The definition of convergence.

3. The attempt at a solution

I am pretty new to mathematics that requires proof, so excuse me if I do something really stupid... but basically, is this a sufficient proof?

1. Assume {a_n}_n=1^∞ converges to A (by hypothesis).

Then for ε/2 > 0 there is a positive integer N₁ such that if n ≥ N₁, then |a_n - A| < ε/2.

2. Assume that {a_n + b_n }_n=1^∞ converges to A + B (by hypothesis).

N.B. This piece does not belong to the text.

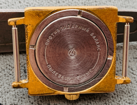 Gravure sur le fond : Противоударные бaлaнз (mouvement antichoc), Пылевлагозащитные (étanche à la poussière) et logo Luch, perlage à l’intérieur
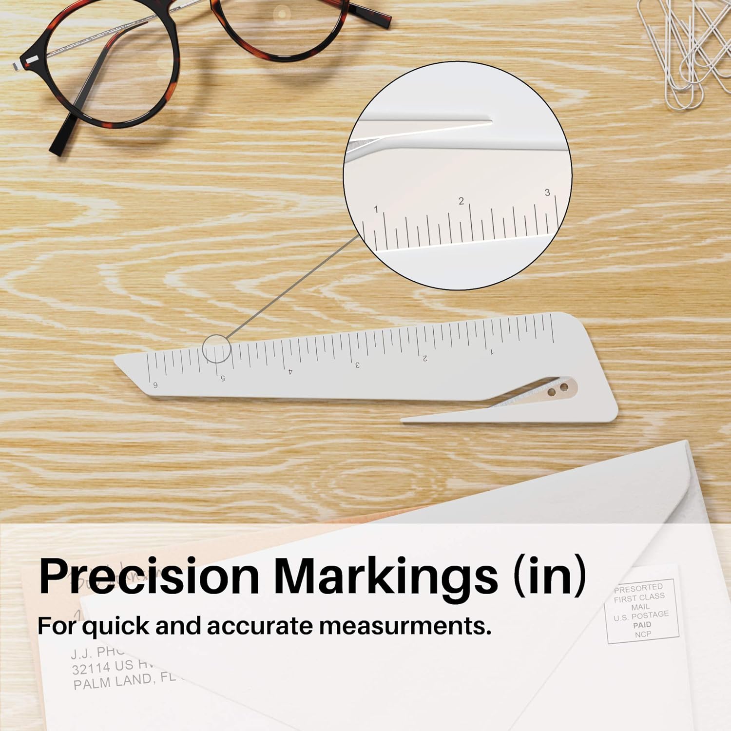 - Safety: Our blade is sharp enough to cut through paper and may cause harm if handled improperly. Please keep the small ruler/envelope slitter out of the reach of young children and handle with care.

Then for ε > 0 there is a positive integer N = max{N₁, N₂} such that if n ≥ N, then | (a_n + b_n) - (A + B) | < ε

3. | (a_n + b_n) - (A + B) | = | (a_n - A) + (b_n - B) | < ε

4. Since by hypothesis |a_n - A| < ε/2, then

| (a_n - A) - (a_n - A) + (b_n - B) | < ε - ε/2

| (b_n - B) | < ε/2

if n ≥ N₂ for some positive integer N₂.

5. But this is the definition of convergence, therefore {b_n}_n=1^∞ converges (to B). □

Thanks.

Office_Shredder

You never actually say what N₂ is.

Also, if a+b<e and a<e/2 that doesn't give you that b<e/2, so I'm not sure where that final inequality comes from. Subtracting [tex]|a_n-A|[/tex] from the left hand side does not allow you to just move it inside the absolute value sign; and subtracting |a_n-A| from the right hand side, you can't replace it with [tex]\epsilon/2[/tex] and maintain the same inequality, since that makes the right hand side smaller, not larger

As a fast way to see a lot of results like this, once you have the standard summation and multiplication rules, you can use

[tex]b_n=(a_n+b_n)-a_n[/tex] and use what you know about the summation of sequences

vela

There's a problem in step 4 of the attempt. It doesn't follow from

| (an - A) + (bn - B) | < ε

that

| (an - A) - (an - A) + (bn - B) | < ε - ε/2

It's like saying |1-1.9|=0.9 < 1 so |1-1-1.9| < 1-1=0.

hunt_mat

This looks okay, why not look at the algebra of limits? if [tex]a_{n}+b_{n}\rightarrow b}[/tex] and [tex]a_{n}\rightarrow a[/tex] then the sequence [tex]b_{n}=a_{n}+b_{n}-a_{n}\rightarrow b-a[/tex]

Battlemage!

Thanks everyone. I'm clearly missing something in the understanding of this material, so I'll take what you've said this weekend and dig through the book and see if I can spot the misunderstanding.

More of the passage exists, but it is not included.